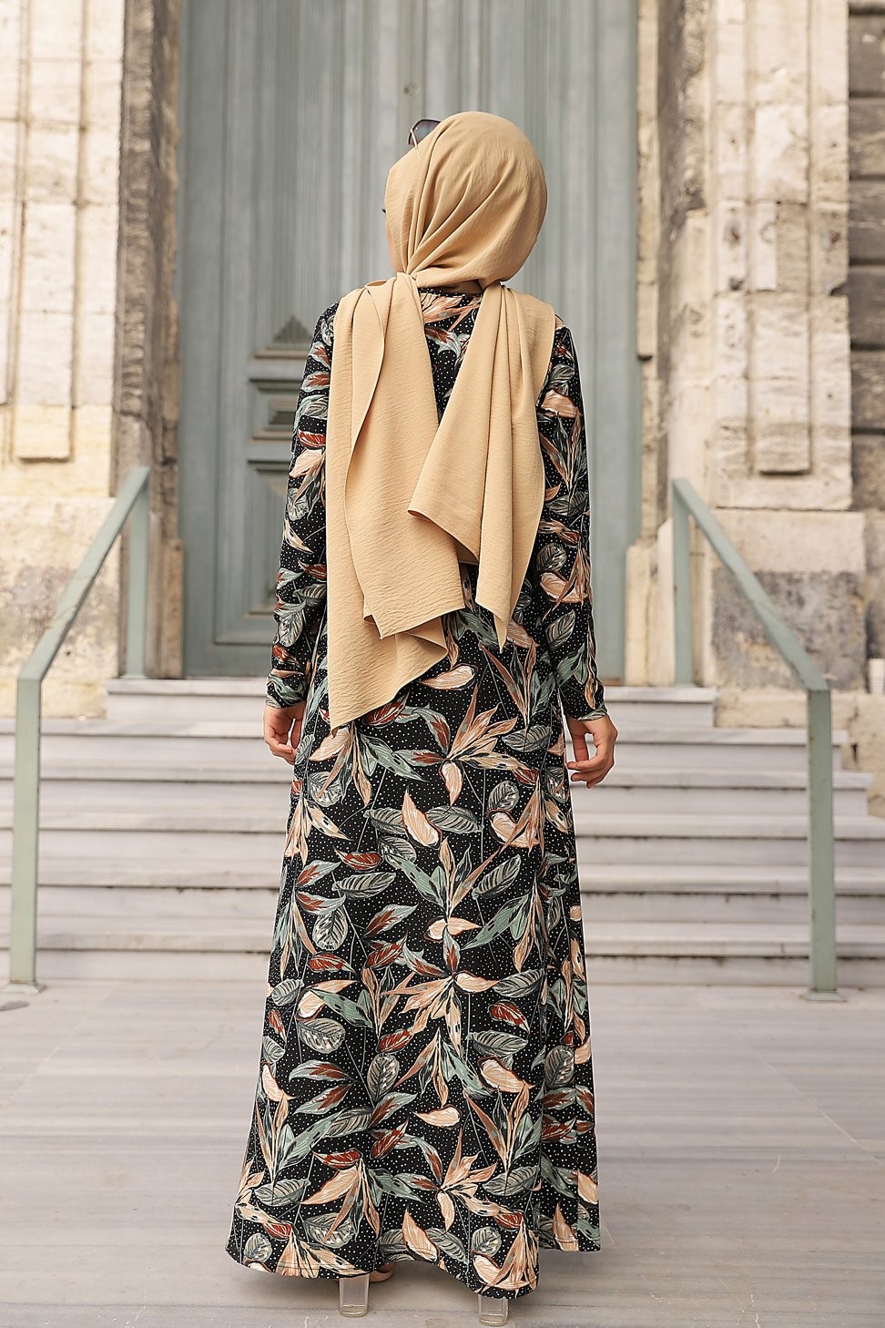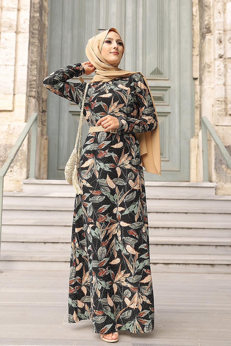 Robe longue en crêpe (Robes pour femmes voilées) - Couleur noir et menthe Vetement & Accessoire
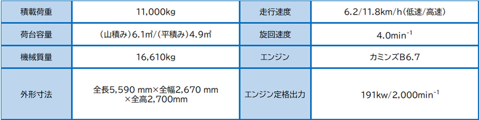 積載容量6.1㎥(山積み)・最大積載荷重11t
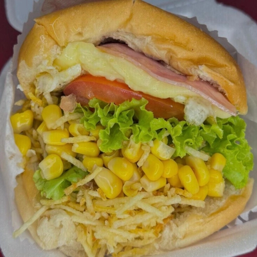 O clássico que nunca sai de moda! Pão, Presunto, Queijo, Ovo, Alface, Tomate e Milho.
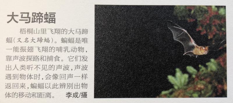 “我是在梧桐山附近仙湖植物園拍到的大馬蹄蝠。每到傍晚,仙湖植物園進出園區(qū)的那條路上,都有數量比較多的大馬蹄蝠在那飛。當時有幾棵樹在開花,我拍了好幾張終于抓拍到一張清晰的。”2月4日,李成在回憶當年拍攝經歷時說,當時蝙蝠群距離他最近的有2-3米,最遠的有10多米。
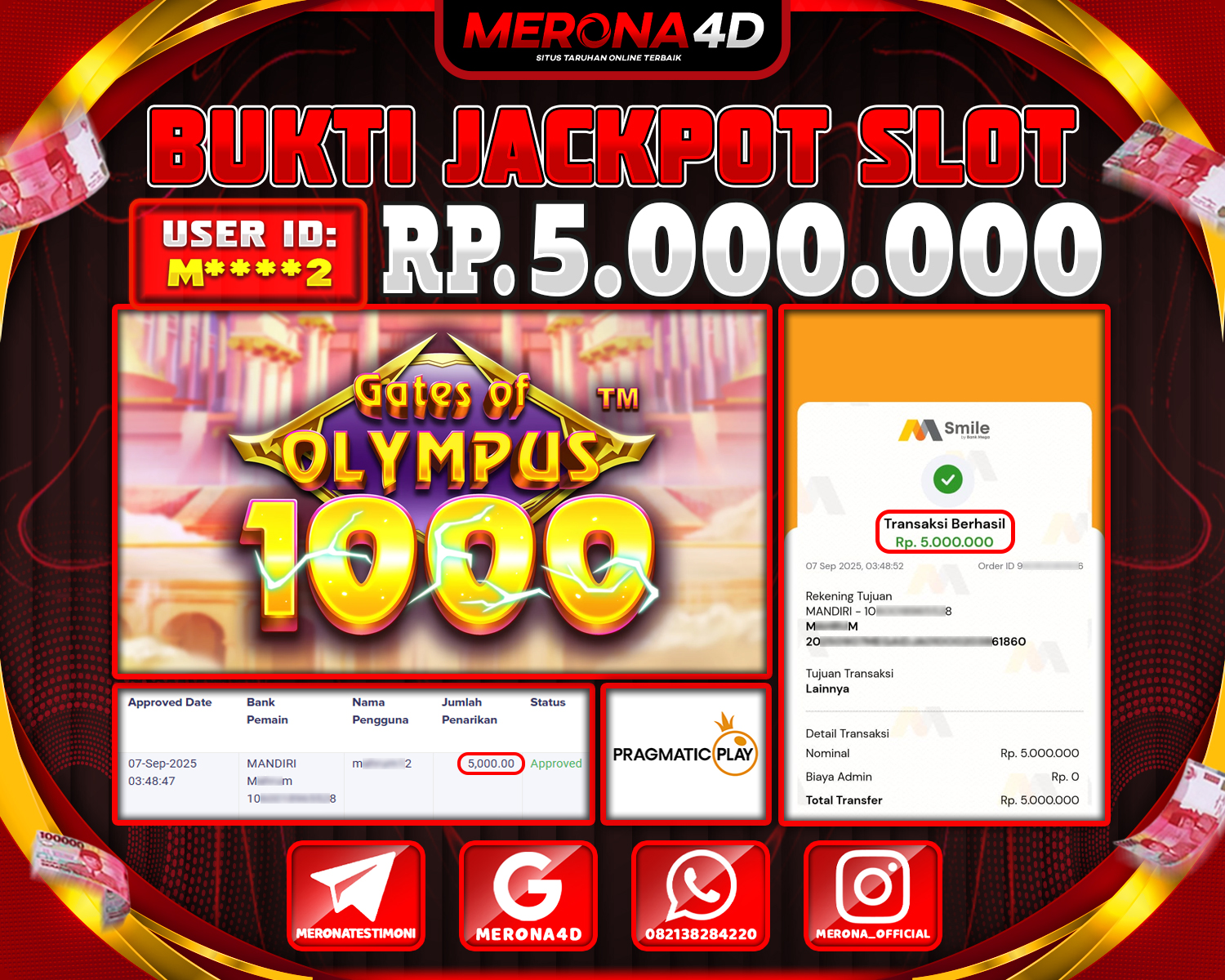 Selamat Kepada Member MERONA4D M****2 Telah Jackpot Di GATES OF OLYMPUS 1000

▬▬▬

Give the data again word for word, without images.

**TASK SOLUTION**.
 Robe longue en crêpe (Robes pour femmes voilées) - Couleur noir et menthe Vetement & Accessoire
 積載容量6.1㎥(山積み)・最大積載荷重11t
 O clássico que nunca sai de moda! Pão, Presunto, Queijo, Ovo, Alface, Tomate e Milho.
 “我是在梧桐山附近仙湖植物園拍到的大馬蹄蝠。每到傍晚,仙湖植物園進出園區(qū)的那條路上,都有數量比較多的大馬蹄蝠在那飛。當時有幾棵樹在開花,我拍了好幾張終于抓拍到一張清晰的。”2月4日,李成在回憶當年拍攝經歷時說,當時蝙蝠群距離他最近的有2-3米,最遠的有10多米。
 Selamat Kepada Member MERONA4D M****2 Telah Jackpot Di GATES OF OLYMPUS 1000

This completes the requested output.